Immigration Minister Lianne Dalziel said yesterday that she would gladly receive Mr Ryken's representations, but would say nothing about the security reasons for the detention.
She said that if concerns which arose during interviews on their arrival at the airport were allayed, the teenagers would be moved to the Mangere resettlement centre with the other 139 asylum seekers.
Both she and Mr Ryken were critical of the Greens' immigration spokesman, Keith Locke, who visited the teenagers on Saturday and revealed to the media details of their personal lives and trauma, including that one had been jailed by the Taleban.
"I think it is highly inappropriate for anyone to make comments about anything that might form the basis of a refugee claim," said Ms Dalziel.
"We have an absolute obligation to protect privacy in these sorts of matters."
Mr Ryken said the teenagers had given him a full account of what had happened to them and they knew they were being detained for security reasons, "but what it is about them that has made them a security concern, and not the others, they've got no idea."
They were being treated well in Mt Eden's remand wing and were in isolation from other prisoners. If that changed he would be alarmed.
"There is no place for rapists or anyone on remand to be pushed up alongside boys who have been traumatised, who have fled from a war zone, who have been shoved on a plane by their family to save them from the Taleban."

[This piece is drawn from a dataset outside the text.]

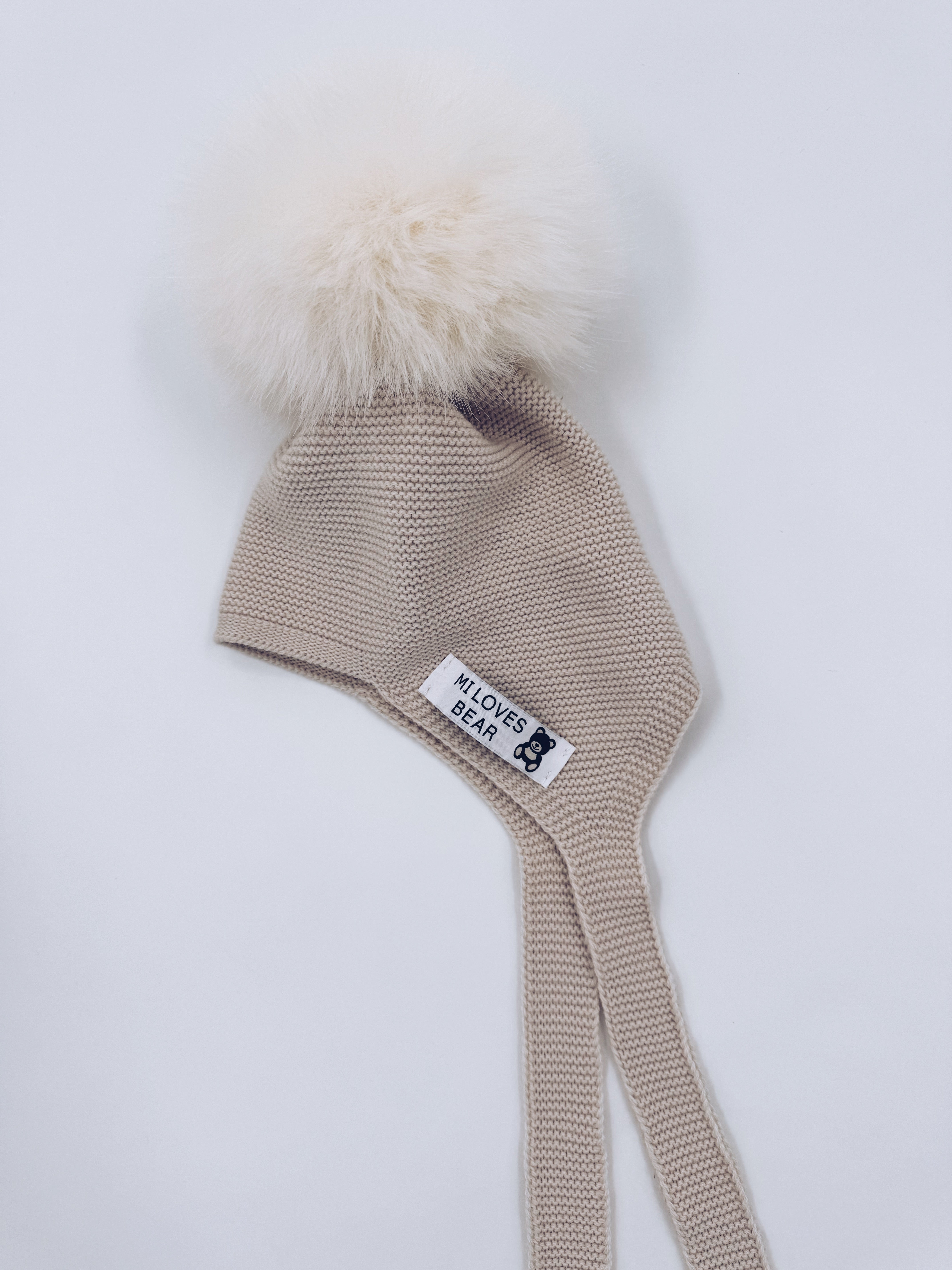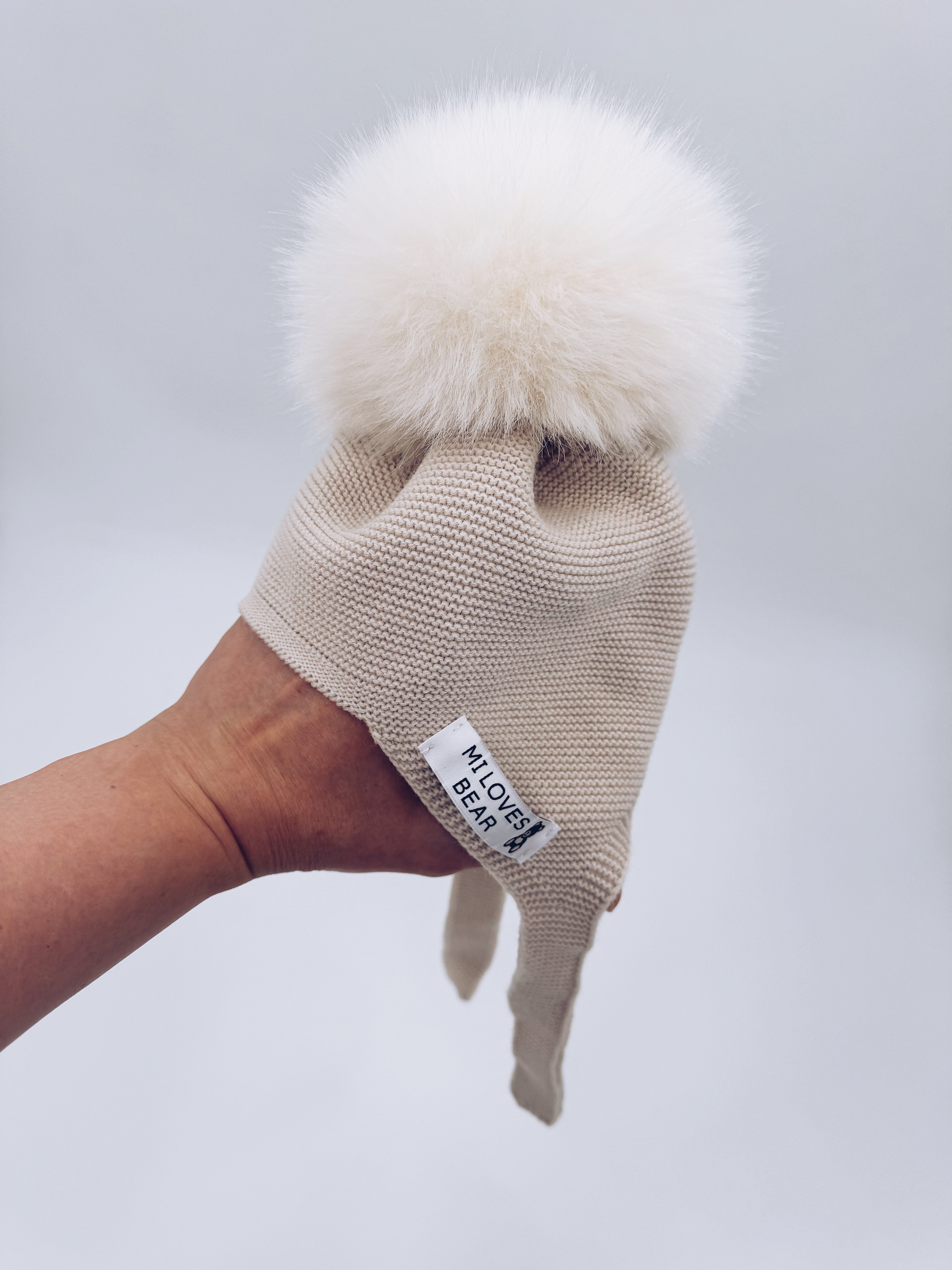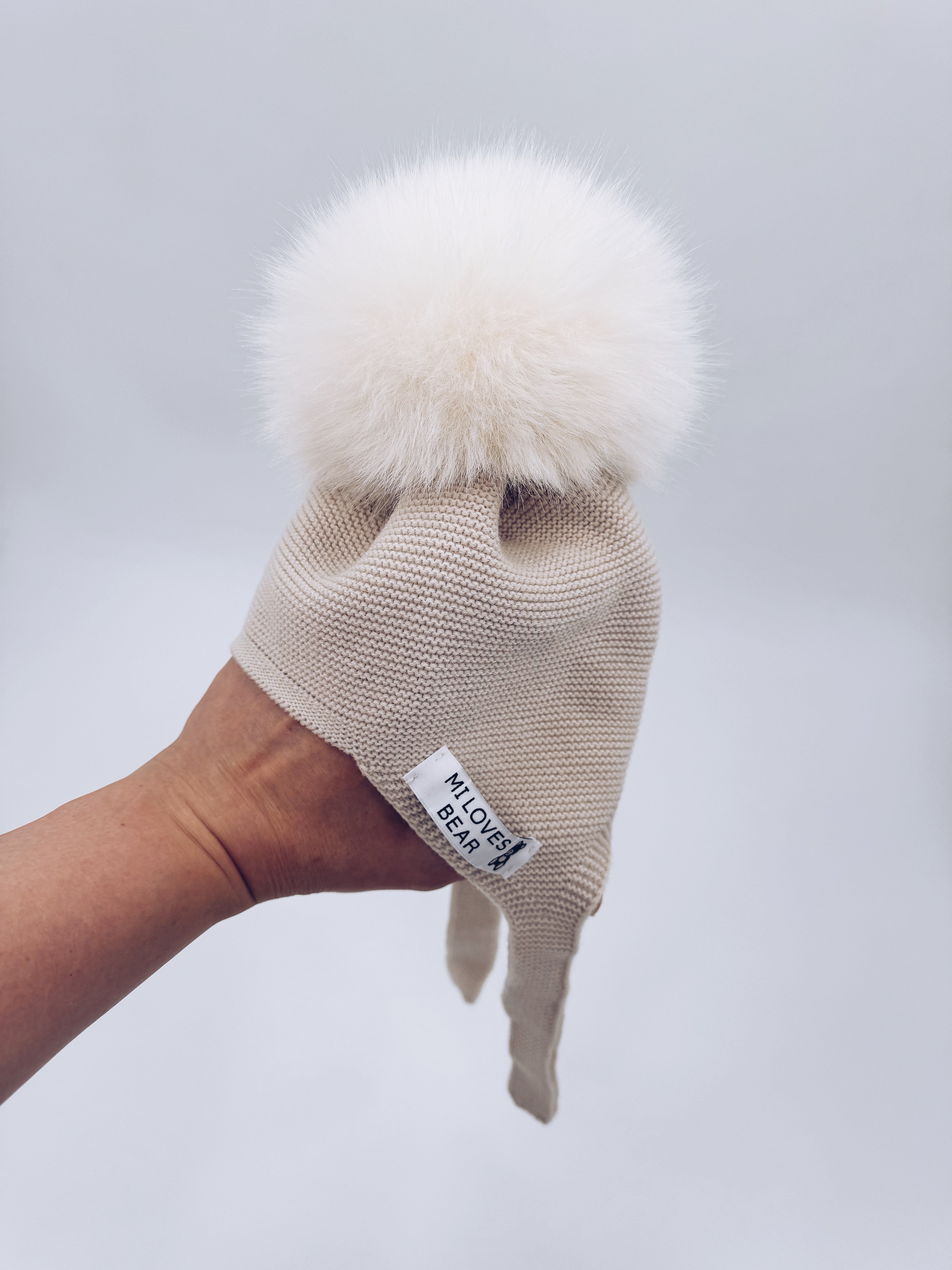 MI LOVES BEAR Luxurious knitted Pompom hat with Synthetic fur pompom in Light Cream

They had been given some money and newspapers in their own language, and one had been able to buy some cigarettes.
"They're very happy. They've been given halal food. They have a prayer mat there. I was there at one of the normal prayer times and one of them did his prayers."
They seemed in good health but one was thin. "He said he was naturally thin but he'd got thinner during the trip."
The two teenage Afghan boat people detained at Mt Eden jail are being fed halal food and are able to practise their religion - but they have not been told why they have been singled out for imprisonment, says their lawyer.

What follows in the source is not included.